Robert Braglia of American Financial & Tax Strategies in New York City offered the cautionary tale of one 69-year-old client who's been on the verge of retirement for several years. As markets took a nosedive in March amid concerns over business shutdowns and record unemployment due to COVID-19, this individual panicked. Against advice and his long-term investment strategy, he insisted on selling out a chunk of his holdings on March 19, deep into the market plunge, and just four days before the market bottomed out.

"Working another year or two is how he'll have to make it up," Braglia says.

Have a Long-Term Plan (But Know When to Adapt)

"Make a plan and stick with it," Braglia says. "Nothing should be changing for people with a plan."

LaBrecque endorsed that approach, but added that it's important to be able to adapt to changing circumstances. Several of his clients are part of a workgroup that their employer just eliminated, so they've shifted focus from planning to retire in the next few years to deciding how best to invest their buyouts.

"Sometimes the company may say you're retiring whether you like it or not, and you've got to have enough nimbleness to be able to adapt to that," LaBrecque says. "Have a long-term plan, but be adaptable and be flexible."

Expand Your Emergency Fund

It's prudent for everyone to have access to an emergency fund to cover about three to six months of expenses, but in a volatile market (or one that's in a sustained downturn), many experts advise clients near retirement to increase that amount so they have 18 to 24 months of expenses on hand. Doing so allows you to pay your bills without having to sell investments at steep losses as you wait out the market's inevitable recovery.

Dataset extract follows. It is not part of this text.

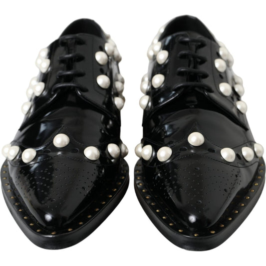 Dolce & Gabbana Black Leather Faux Pearl Dress Broque Shoes

Basically everyone should have an emergency fund—investments or cash which can be easily liquidated within a 30-day window, Ten Haagen says.

Think About What Will Make You Happy

Retirement shouldn't just be a numbers game, and it's important to focus on what you really want. If your job has you stressed out and miserable, retiring a year ahead of your longstanding target date could be a great decision, even if it costs your retirement fund a few thousand dollars. Conversely, if you love your job and wonder what you'd do all day without it, it could be wise to work past your retirement date until you come up with a plan on how to fill your time.

Dana Anspach, founder and CEO of Sensible Money in Scottsdale, Arizona, puts it this way: For every decision about retirement timing, "There are two components—the financial side and the values side.

"A series of financial stress tests can help you determine if your retirement plan is sustainable or if delaying retirement would help provide a bigger cushion," she says. "But your values play an even more prominent role."

As an example of the values calculation, Anspach compared the approaches of several clients who are medical professionals facing burnout in the midst of the pandemic. Several are exploring options for accelerating their retirement, but their approaches to doing so vary widely. Some will do almost anything to find a way to make earlier retirement work, including changing their lifestyle to reduce expenses, while others prefer the security of having more money first, and plan to work longer to make that happen.

The Bottom Line

Considering retirement in times of unprecedented uncertainty can be daunting, and every decision depends on many variables, including finances, your physical health and goals you have in mind for post-career living. Before making your choice, consider consulting a professional financial advisor. Be sure to take a breath, talk over the decisions with your loved ones and avoid acting in haste. You'll likely have to live with your choice for a good, long time, and you deserve to give the matter careful consideration.